10. «Бойня номер пять, или Крестовый поход детей», Курт Воннегут
Во время войны автор пережил бомбардировку в Дрездене. Собственно об этом его автобиографическое произведение. Воннегут – один из 7 американских пленных, выживших после этой бомбежки. Днем их держали на скотобойне №5, а во время налетов – в подвалах, где хранились мясные туши. В романе добавлен фантастический элемент.
Главный герой – американский апатичный солдат, переживающий посттравматический шок после бомбежек. Он рассказывает, что его забирают на некую планету. Пришельцы научили видеть его в четырех измерениях. В результате, Билли засыпает пожилым овдовевшим человеком, а просыпается в свой свадебный день. Живя в 1955 году, он входит в дверь, а в 1941 – выходит из нее. Главное — правильно выбрать двери, чтобы не попасть на бойню №5.

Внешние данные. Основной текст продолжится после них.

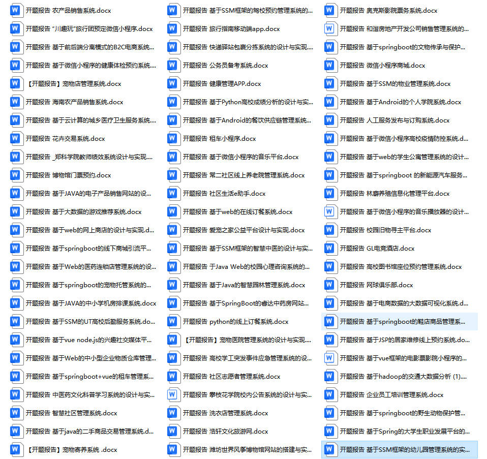 以上是某同学的毕业设计答辩的过程,如果你现在还没有参加答辩,还是开题阶段,已经选好了题目不知道怎么写开题报告,可以下面找找有没有自己符合自己题目的开题报告内容,列表中的开题报告都是往届真实的开题报告,可发送使用或参考。文末或底部来联xi可免费获取
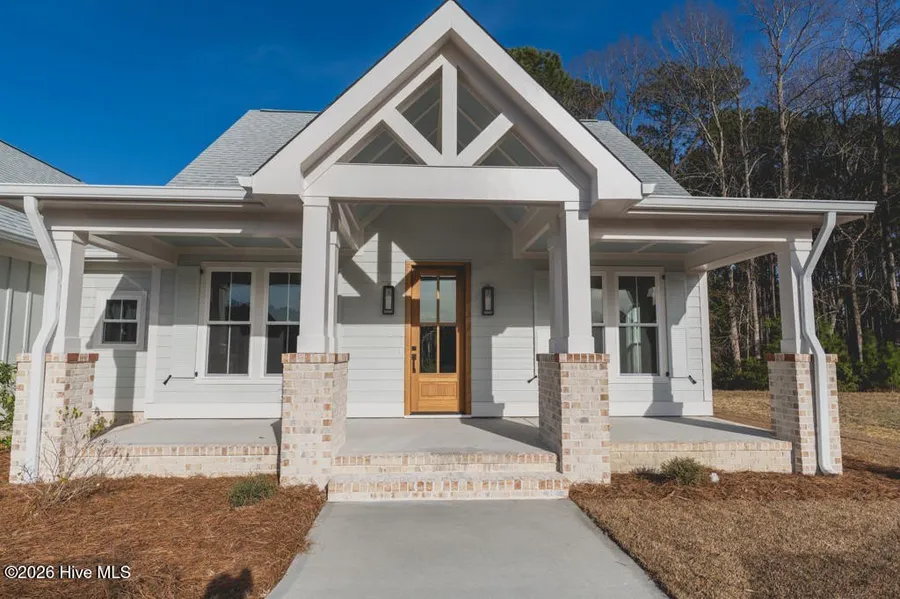 This coastal cottage could not be any cuter and the modern floor plan is designed with easy living in mind. ''Full Bloom'' is a new construction home that has everything you need and charm to spare. Elevate your everyday and trade flood insurance for peace of mind, this home sits 27' ABOVE sea level. The the exterior is light and bright with Hardie board and batten siding and an open porch gable that welcomes you home. Rock the day away on the wide front porch overlooking your landscaped yard, or relax on the back porch, a true extension of your living space. The stained wood front door brings you in to the great room that feels extra spacious with vaulted ceilings and a light color palette. Your guest wing is to your right and the owner's suite is on your left with a 12' walk-in closet, double vanity, freestanding tub and custom tile shower. You'd think you would have to give up something to get everything you want in a 1700sf home, but not with this plan, it's laid out perfectly for easy one-level living. You have a decent size entryway off the 2-car garage with access to your laundry room, powder room, storage and large pantry. Arlington Place offers premier amenities like a clubhouse, pool, sports courts, boat ramp, day docks, trails, boardwalk, parks, kayak center, creek docks, riverfront pier, lakes, onsite storage and neighborhood beaches on the riverfront and Pintail Lake. Full Bloom is ideal for those looking to enjoy an active, nature-filled lifestyle while still being able to retreat to a tranquil home. Estimated completion January 2026.
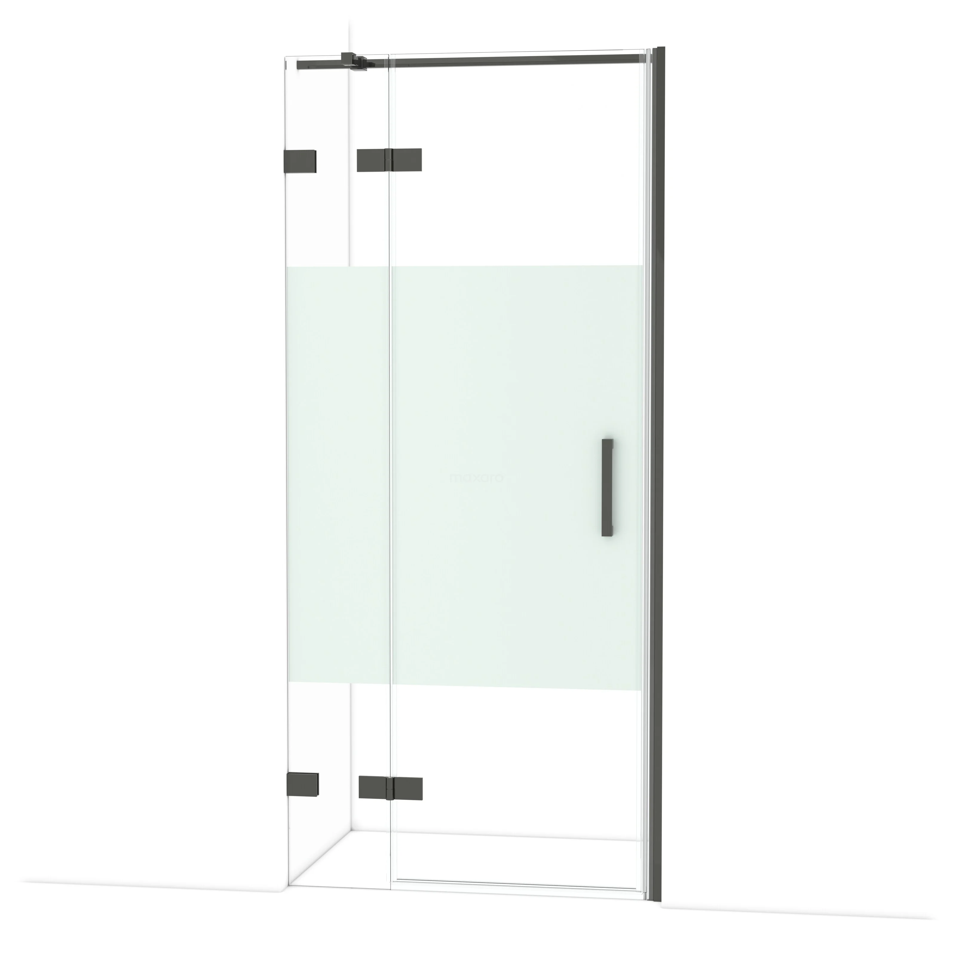 Diamond Duschtür | 90 cm Schwarzchrom Klar mit matter Streifen Drehtür

11. «Приглашение на казнь», Владимир Набоков
Фантастические элементы не позволяют точно определить ни место, ни время действия событий. Главного героя заключают в крепость за то, что он «непонятен» обществу. Отец его тоже был таким. Судебный процесс над ним абсурден. Смертный приговор объявляется с фарсом: «С любезного разрешения публики…». Чтобы отрубить ему голову, на казнь героя ведут с издевательствами. В этих жутких иллюзиях настоящим человеком оказывается только он.
12. «Улитка на склоне», Аркадий и Борис Стругацкие
Авторы считали этот роман самым значительным произведением. Он имел сложную судьбу и долго печатался частями в журналах. Только через 22 года после первой публикации вышла полная его версия. Роман делится на две части, слабо связанные между собой. Читатель знакомится с двумя разными обществами. Эти два различных мира, существующих по своим законам, представляют двое ученых. Оба ищут истину, но каждый собственным путем.
13. «Пляж», Алекс Гарленд
Где-то на Таиландских островах затерялась частичка рая – Пляж. Люди, нашедшие его, не обнаруживают на Пляже хоть какого-то намека на цивилизацию. Люди очарованы дикой природой. Пляж назвали Эдемом. Вот только, как и в рай, попасть туда очень непросто. Но не спешите что есть мочи рваться в эти обетованные земли. Истинный облик побережья может жестоко разочаровать.
14. «Делириум», Лорен Оливер
Трилогия американской писательницы, вышедшая в 2011 году, сразу же стала бестселлером, и была переведена более чем на 20 языков. В романе описывается общество будущего. Оно лишь хотело мира на всей Земле. Оно отыскало первопричину всех своих несчастий. Ею оказалось Любовь — amor deliria (любовный бред). Для того, чтобы не заразиться этой болезнью, всем достигшим совершеннолетия введена обязательная процедура – стирание памяти прошлого. Ну а заболевшего ожидает печальная участь…
15. «Бегущий человек», Стивен Кинг
Кто не читал этот роман, тот помнит его великолепную экранизацию со Шварценеггером в главной роли. «Бегущий человек» — одна из самых страшных, жестоких и бесчеловечных игр, в которой вынуждены принимать участие американцы, чтобы заработать хоть какие-то средства к существованию. Выигравшему приз – жизнь. Однако никому еще не удавалось выиграть. Сможет ли это сделать главный герой?